**Problem requirements:** Nothing but the lines below from the one with "Built by : MLW" through the one with "有網民稱,在仁川機場找不到中文版入境卡。(互聯網)" should be output, each exactly as given, and no pictures.

**Records for processing:**
---
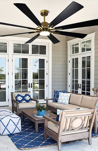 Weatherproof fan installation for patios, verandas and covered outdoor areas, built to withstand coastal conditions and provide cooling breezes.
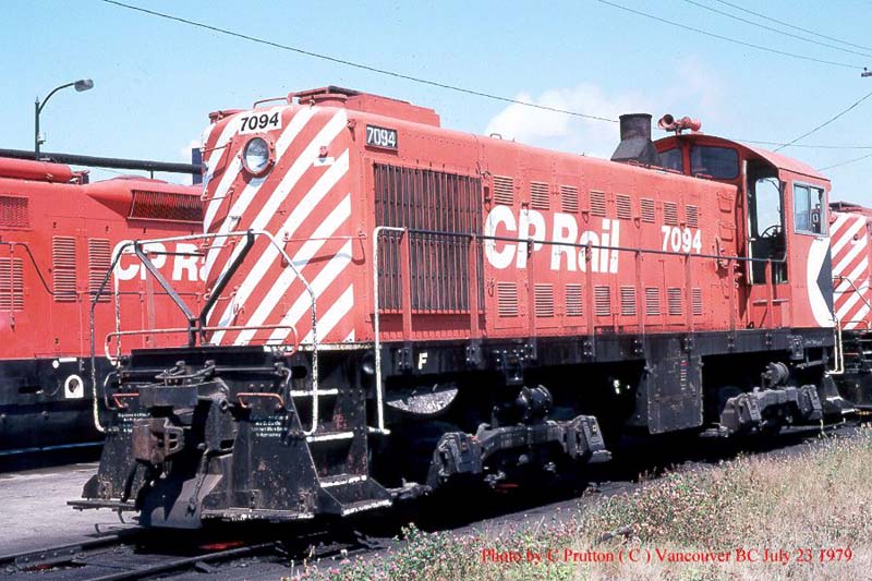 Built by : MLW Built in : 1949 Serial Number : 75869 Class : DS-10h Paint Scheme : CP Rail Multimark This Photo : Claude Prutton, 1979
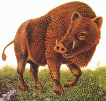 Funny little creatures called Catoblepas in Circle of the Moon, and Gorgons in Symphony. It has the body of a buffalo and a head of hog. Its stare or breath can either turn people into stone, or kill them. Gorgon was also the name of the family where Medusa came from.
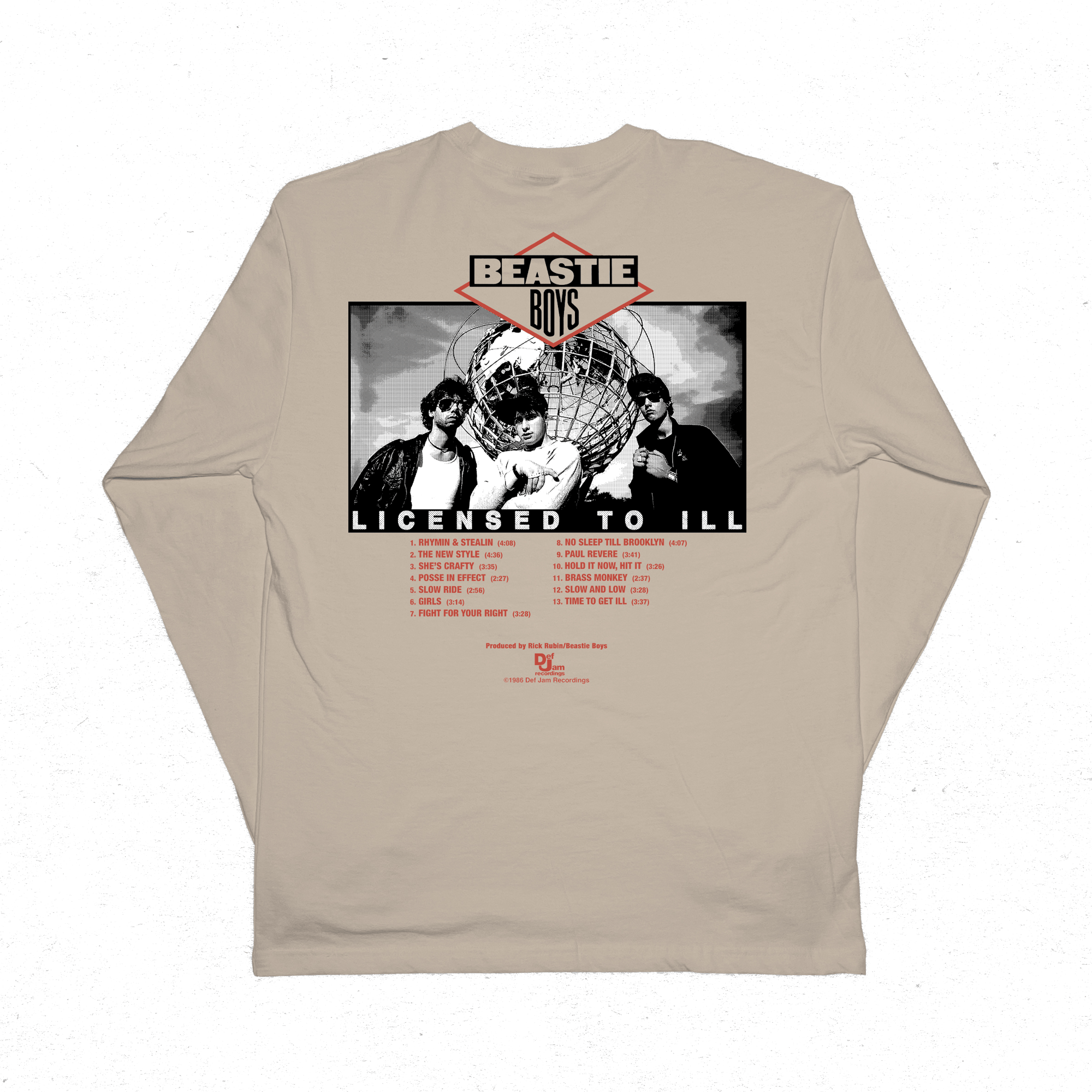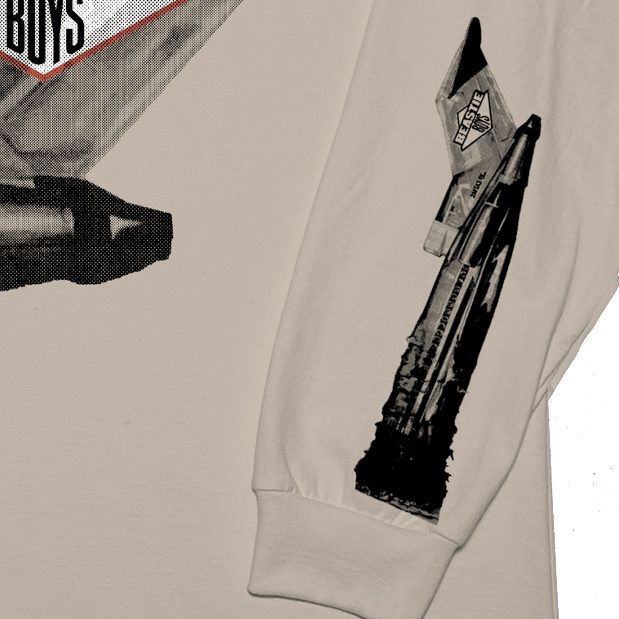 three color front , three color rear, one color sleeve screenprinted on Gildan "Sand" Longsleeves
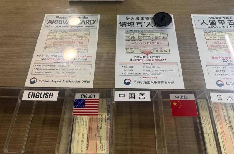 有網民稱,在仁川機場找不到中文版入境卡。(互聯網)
---
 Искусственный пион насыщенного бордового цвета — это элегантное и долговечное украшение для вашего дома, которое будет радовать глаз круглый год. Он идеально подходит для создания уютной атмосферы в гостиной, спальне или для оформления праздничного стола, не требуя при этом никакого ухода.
---
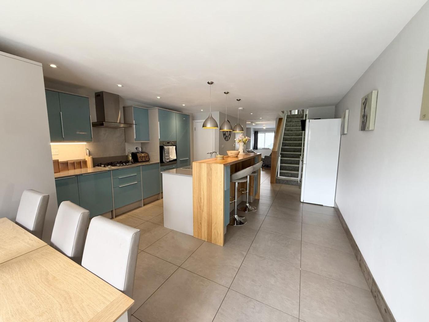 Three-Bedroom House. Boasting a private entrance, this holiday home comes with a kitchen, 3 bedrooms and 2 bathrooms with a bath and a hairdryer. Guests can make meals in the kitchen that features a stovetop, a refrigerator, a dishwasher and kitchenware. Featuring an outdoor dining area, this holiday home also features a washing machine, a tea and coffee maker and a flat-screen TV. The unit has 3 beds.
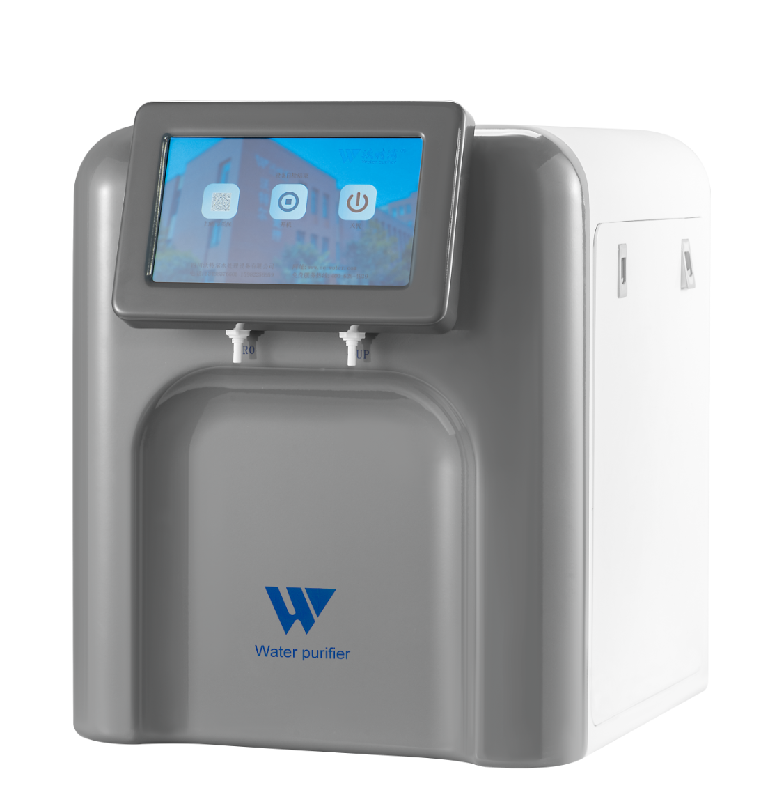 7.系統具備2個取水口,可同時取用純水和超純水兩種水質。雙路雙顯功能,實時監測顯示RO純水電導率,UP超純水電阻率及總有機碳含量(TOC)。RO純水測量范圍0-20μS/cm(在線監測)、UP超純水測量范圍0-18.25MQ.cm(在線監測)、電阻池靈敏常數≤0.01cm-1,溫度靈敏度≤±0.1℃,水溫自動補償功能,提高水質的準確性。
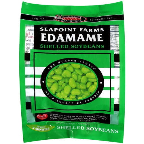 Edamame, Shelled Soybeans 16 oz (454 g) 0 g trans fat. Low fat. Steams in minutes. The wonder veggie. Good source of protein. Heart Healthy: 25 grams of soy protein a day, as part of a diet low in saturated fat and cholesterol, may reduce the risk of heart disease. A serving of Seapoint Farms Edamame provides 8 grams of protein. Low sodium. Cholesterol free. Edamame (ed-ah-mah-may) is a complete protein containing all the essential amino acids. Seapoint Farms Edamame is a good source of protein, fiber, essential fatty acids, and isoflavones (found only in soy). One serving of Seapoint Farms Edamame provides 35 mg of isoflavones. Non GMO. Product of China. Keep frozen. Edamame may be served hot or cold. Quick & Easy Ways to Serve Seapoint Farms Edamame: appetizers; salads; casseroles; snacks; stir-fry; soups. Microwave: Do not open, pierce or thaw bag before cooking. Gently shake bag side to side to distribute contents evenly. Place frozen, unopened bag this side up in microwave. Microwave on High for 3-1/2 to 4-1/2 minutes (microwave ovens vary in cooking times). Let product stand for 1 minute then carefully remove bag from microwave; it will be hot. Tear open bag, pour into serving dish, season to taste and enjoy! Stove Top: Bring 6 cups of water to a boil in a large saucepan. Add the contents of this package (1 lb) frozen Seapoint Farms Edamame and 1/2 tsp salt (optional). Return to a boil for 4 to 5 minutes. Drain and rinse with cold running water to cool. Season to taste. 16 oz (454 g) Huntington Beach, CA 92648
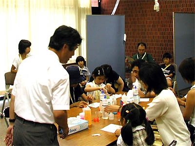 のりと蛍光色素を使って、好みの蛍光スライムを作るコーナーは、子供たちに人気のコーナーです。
---
**Output of the exercise:**
 Built by : MLW Built in : 1949 Serial Number : 75869 Class : DS-10h Paint Scheme : CP Rail Multimark This Photo : Claude Prutton, 1979
 Funny little creatures called Catoblepas in Circle of the Moon, and Gorgons in Symphony. It has the body of a buffalo and a head of hog. Its stare or breath can either turn people into stone, or kill them. Gorgon was also the name of the family where Medusa came from.
 three color front , three color rear, one color sleeve screenprinted on Gildan "Sand" Longsleeves
 有網民稱,在仁川機場找不到中文版入境卡。(互聯網)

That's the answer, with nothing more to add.